How do I rewrite the confidence interval (0.0268, 0.133) in the form of #hatp - E < p < hatp + E#?

1 Answer
Geoff K.
Dec 7, 2016

#0.0799-0.0531< p < 0.0799+0.0531#.

Explanation:

If I understand correctly, we simply need to take the confidence bounds #(0.0268, 0.133)# and convert them to a "central value" #hatp#, plus/minus an error margin #E#.

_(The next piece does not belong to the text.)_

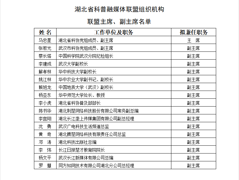 会议审议并通过了《联盟章程》、联盟主席、副主席建议名单,以及联盟联络中心主任、副主任建议名单。联盟主席由湖北省科协党组成员、副主席马忠星担任。
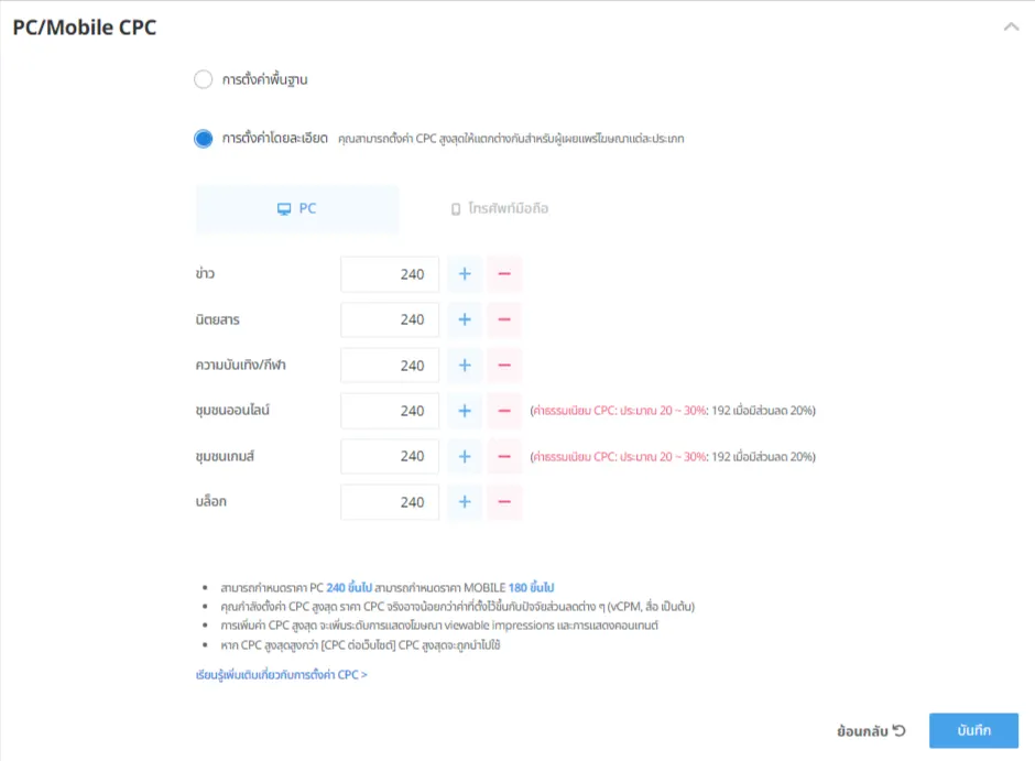 เปลี่ยนการตั้งค่า CPC สูงสุด > การตั้งค่าโดยละเอียด

#hatp# will be halfway between our lower- and upper-bound, and so we take the average of the two bounds:

#hatp=(0.0268+0.133)/2=0.1598/2=0.0799#

The error margin #E# will just be the distance between this #hatp# value and one of the original bounds:

#E=abs(hatp-0.0268)# or #E=abs(hatp-0.133)#
#color(white)E=abs(0.0799-0.0268)=abs(0.0799-0.133)#
#color(white)E=abs(0.0531)color(white)(XXXXiii)=abs(-0.0531)#
#color(white)E=0.0531#

So in #hatp-E < p < hatp + E# form, our confidence interval is

#0.0799-0.0531< p < 0.0799+0.0531#
or
#p in (0.0799+-0.0531).#

I hope this is the answer you're looking for!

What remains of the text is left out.